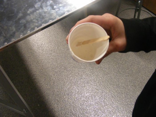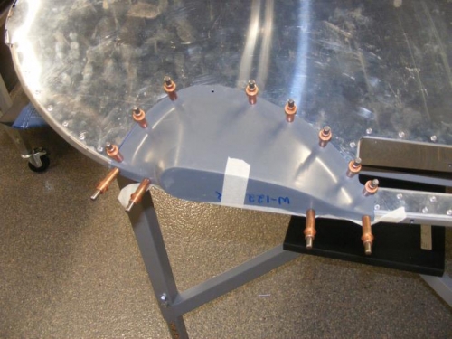 They finished clecoing the part onto the wing, then they added the substance to the piece and applied it to the wing
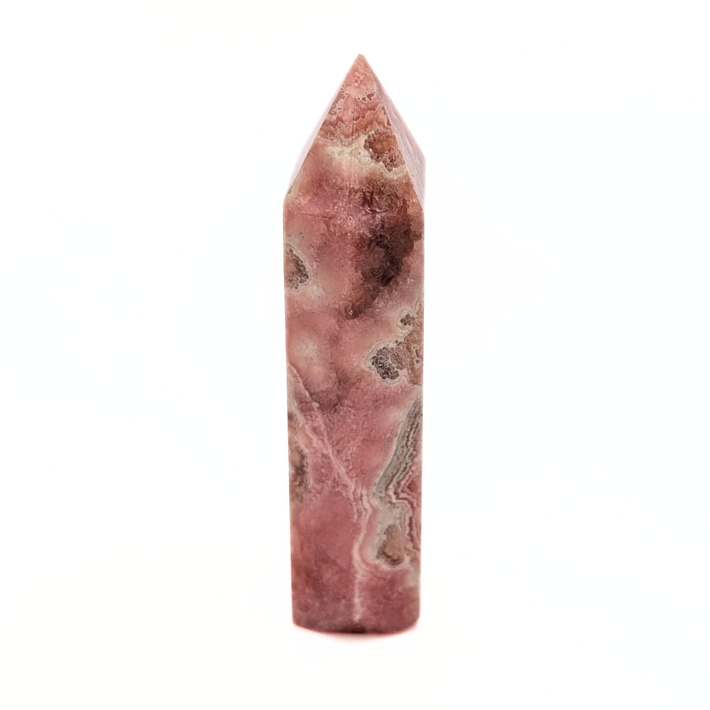 This stunning Rhodochrosite tower showcases deep pink hues layered with natural cream and earthy banding, highlighted by a smooth, polished finish.
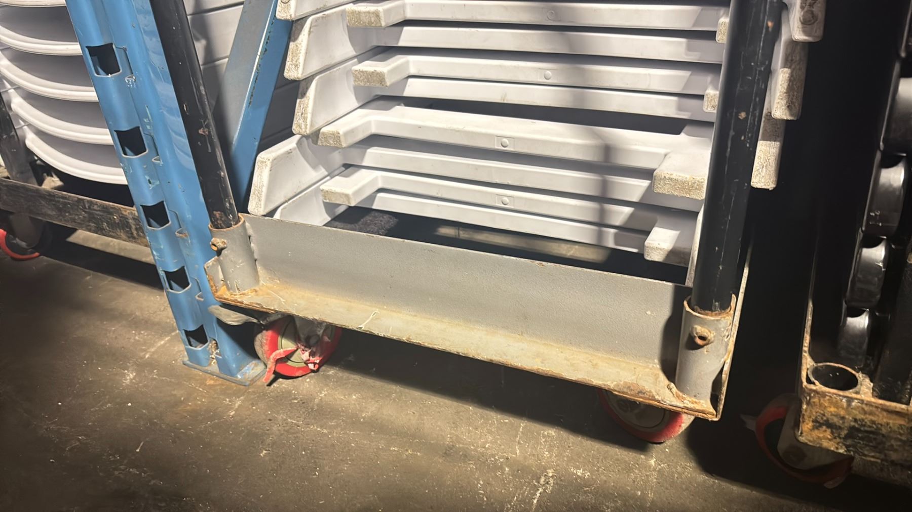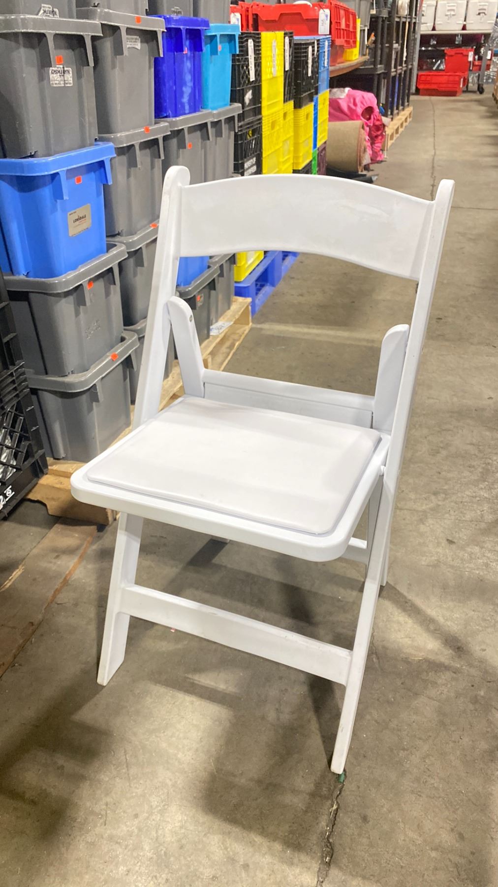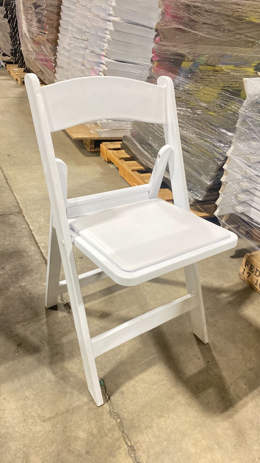 STACK OF 22 WHITE PLASTIC FOLDING EVENT CHAIRS ON MOBILE CHAIR CART *CART INCLUDED*
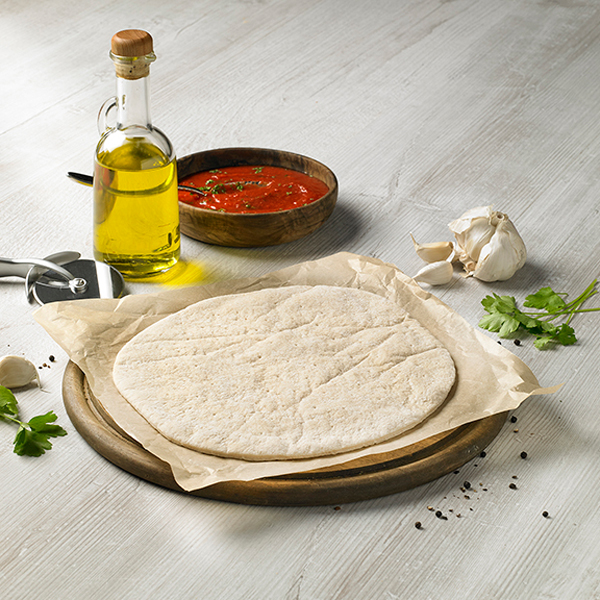 Thin and crispy pizza base made with wheat flour.
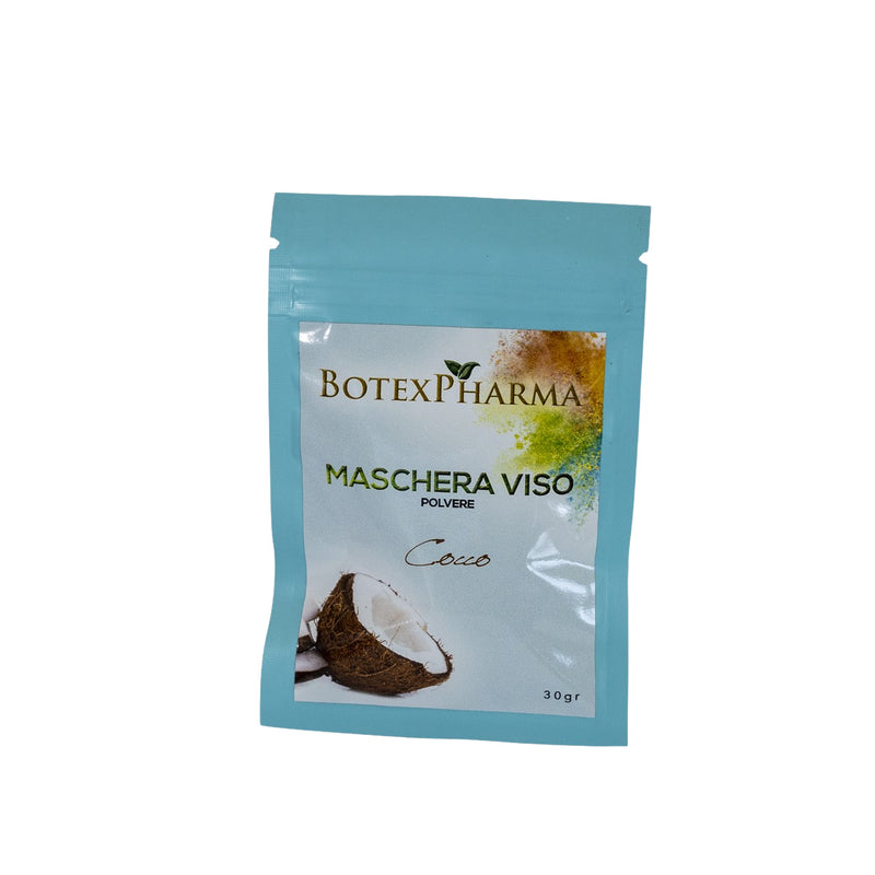 Coconut Mask, creates a moisturizing and emollient action leaving the skin soft and hydrated. Suitable for all skin types. Coconut milk powder contains a high percentage of Hyaluluronic acid with strong and soothing properties. It is often used for dry or stressed skin. Coconut milk powder mixed with hyaluronic acid nourishes deply, avoiding dehydration and soothing inflammation. This mask can also be used on sensible and young skin because it is not aggressive and does not have a high abrasive power. To be used with Botexpharma face tonic and cremes.
════════════════════
:: Exercise description ::
Reproduce the records above word for word, without the images.

:: Solution below ::
 They finished clecoing the part onto the wing, then they added the substance to the piece and applied it to the wing
 This stunning Rhodochrosite tower showcases deep pink hues layered with natural cream and earthy banding, highlighted by a smooth, polished finish.
 STACK OF 22 WHITE PLASTIC FOLDING EVENT CHAIRS ON MOBILE CHAIR CART *CART INCLUDED*
 Thin and crispy pizza base made with wheat flour.
 Coconut Mask, creates a moisturizing and emollient action leaving the skin soft and hydrated. Suitable for all skin types. Coconut milk powder contains a high percentage of Hyaluluronic acid with strong and soothing properties. It is often used for dry or stressed skin. Coconut milk powder mixed with hyaluronic acid nourishes deply, avoiding dehydration and soothing inflammation. This mask can also be used on sensible and young skin because it is not aggressive and does not have a high abrasive power. To be used with Botexpharma face tonic and cremes.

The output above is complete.